> _Problem statement_:
Copy everything in the listing below word for word, apart from any images.

> _Stored data_:
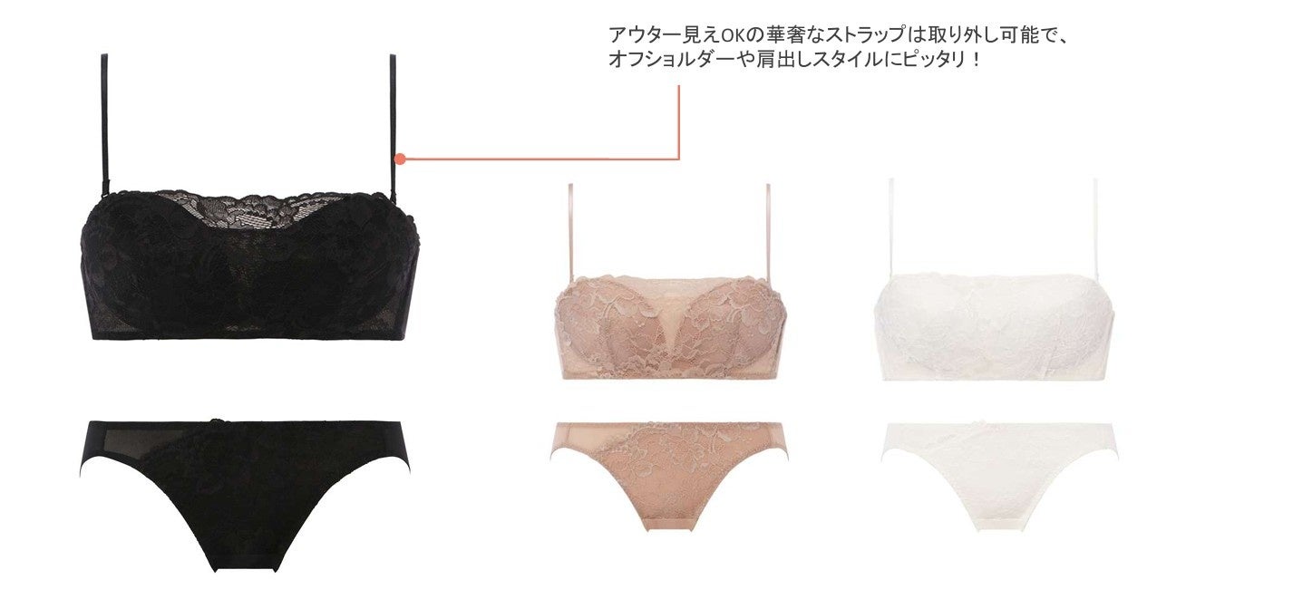 シンプルで美しい花柄編みレースのストラップレスブラ。華奢なストラップは取り外しが可能で、アウターのデザインに合わせて着こなしを楽しめます。着回し力抜群のブラック、ホワイト、ピンクベージュの3色展開です。
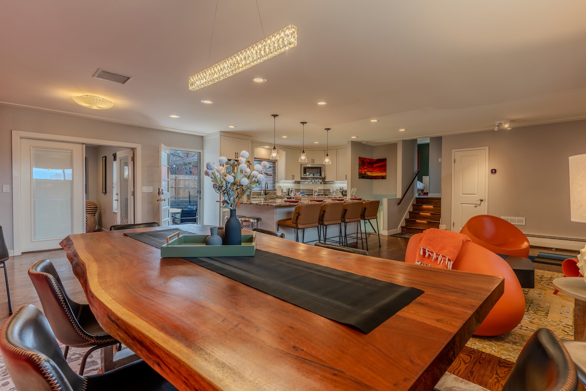 Welcome to our luxurious mid-century modern ranch home adjacent to Lake Rhoda in Wheat Ridge, Colorado! With 4 bedrooms and 2 bathrooms, our home can comfortably sleep 12 guests among its 9 beds. Nestled in Wheat Ridge, a western suburb of Denver, this private home is located on .33 acres on a corner lot. Our home is located just 5 miles away from the heart of Denver and attractions like Coors Field, the Denver Zoo, and Red Rocks. Keep reading for our favorite Denver restaurants & attractions!
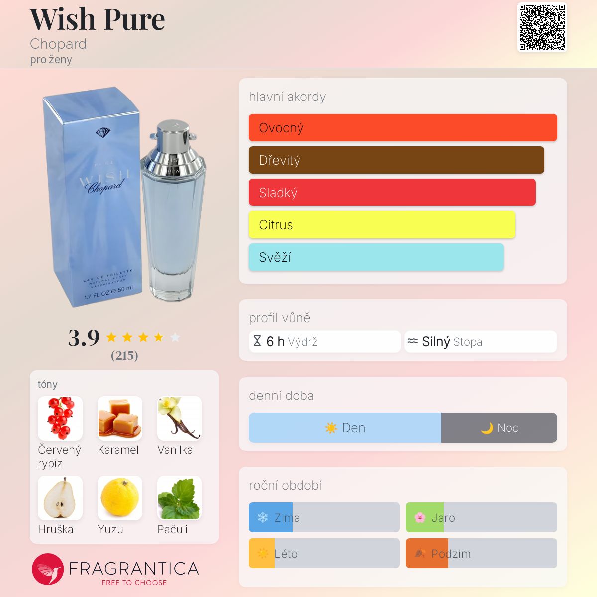 Wish Pure podle Chopard je Orientální Vanilla vůně pro ženy. Wish Pure byl/a uveden/a v roce 2000. "Nosem" za touto vůní je Nathalie Lorson. Vrchní tóny jsou Červený rybíz, Hruška, Yuzu a Mandarinka; střední tóny jsouPačuli, Brambořík, Jamajský pepř a Konvalinka ; základní tóny jsou Karamel, Vanilka, Santalové dřevo a Cedr.
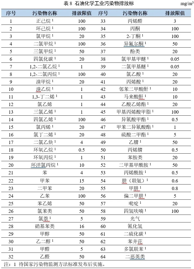 以石油餾分、天然氣等為原料,生產(chǎn)有機化學品、合成樹脂、合成纖維、合成橡膠等的工業(yè),執(zhí)行本標準。本標準是當前國家排放標準中涉VOC特征因子最多的排放標準。但大多數(shù)因子國家還未發(fā)布相關檢測方法。
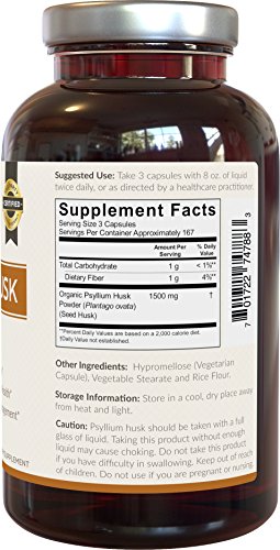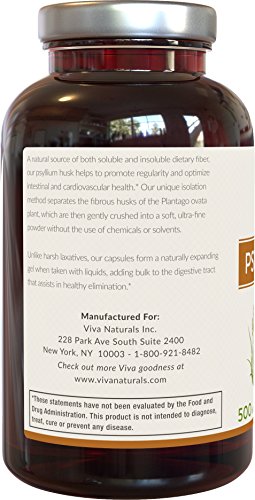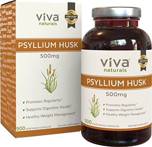Viva Naturals Organic Psyllium Husk, 500mg, 500 Vegetarian Capsules - The BEST Fiber Supplement for Optimal Intestinal Health
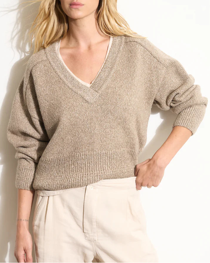 The Eden Deep V Neck Sweater is crafted from the same luxurious blend of baby alpaca and pima cotton, sourced and spun in Peru as its sister style, the Marfa. Baby alpaca is hypoallergenic and as soft as cashmere yet seven times warmer than wool, making a silky-feel sweater with cozy and plush insulation ready for crisp winter days and cool spring evenings.
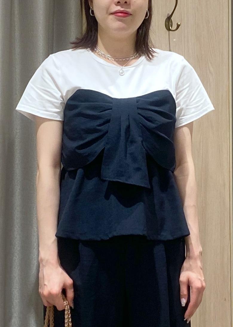 VIS【新色追加】【美easy】ねじりリボンTシャツドッキングプルオーバー【接触冷感/洗える】ネイビー / F¥5,489レビュー161cm/F着用で腰がしっかり隠れる着丈でした。
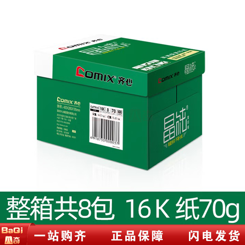 商品名称:齐心 C4776-8 晶纯复印纸 70克 16K 500张/包 8包/箱 白

> _Solution to the exercise_:
 シンプルで美しい花柄編みレースのストラップレスブラ。華奢なストラップは取り外しが可能で、アウターのデザインに合わせて着こなしを楽しめます。着回し力抜群のブラック、ホワイト、ピンクベージュの3色展開です。
 Welcome to our luxurious mid-century modern ranch home adjacent to Lake Rhoda in Wheat Ridge, Colorado! With 4 bedrooms and 2 bathrooms, our home can comfortably sleep 12 guests among its 9 beds. Nestled in Wheat Ridge, a western suburb of Denver, this private home is located on .33 acres on a corner lot. Our home is located just 5 miles away from the heart of Denver and attractions like Coors Field, the Denver Zoo, and Red Rocks. Keep reading for our favorite Denver restaurants & attractions!
 Wish Pure podle Chopard je Orientální Vanilla vůně pro ženy. Wish Pure byl/a uveden/a v roce 2000. "Nosem" za touto vůní je Nathalie Lorson. Vrchní tóny jsou Červený rybíz, Hruška, Yuzu a Mandarinka; střední tóny jsouPačuli, Brambořík, Jamajský pepř a Konvalinka ; základní tóny jsou Karamel, Vanilka, Santalové dřevo a Cedr.
 以石油餾分、天然氣等為原料,生產(chǎn)有機化學品、合成樹脂、合成纖維、合成橡膠等的工業(yè),執(zhí)行本標準。本標準是當前國家排放標準中涉VOC特征因子最多的排放標準。但大多數(shù)因子國家還未發(fā)布相關檢測方法。
Viva Naturals Organic Psyllium Husk, 500mg, 500 Vegetarian Capsules - The BEST Fiber Supplement for Optimal Intestinal Health
 The Eden Deep V Neck Sweater is crafted from the same luxurious blend of baby alpaca and pima cotton, sourced and spun in Peru as its sister style, the Marfa. Baby alpaca is hypoallergenic and as soft as cashmere yet seven times warmer than wool, making a silky-feel sweater with cozy and plush insulation ready for crisp winter days and cool spring evenings.
 VIS【新色追加】【美easy】ねじりリボンTシャツドッキングプルオーバー【接触冷感/洗える】ネイビー / F¥5,489レビュー161cm/F着用で腰がしっかり隠れる着丈でした。
 商品名称:齐心 C4776-8 晶纯复印纸 70克 16K 500张/包 8包/箱 白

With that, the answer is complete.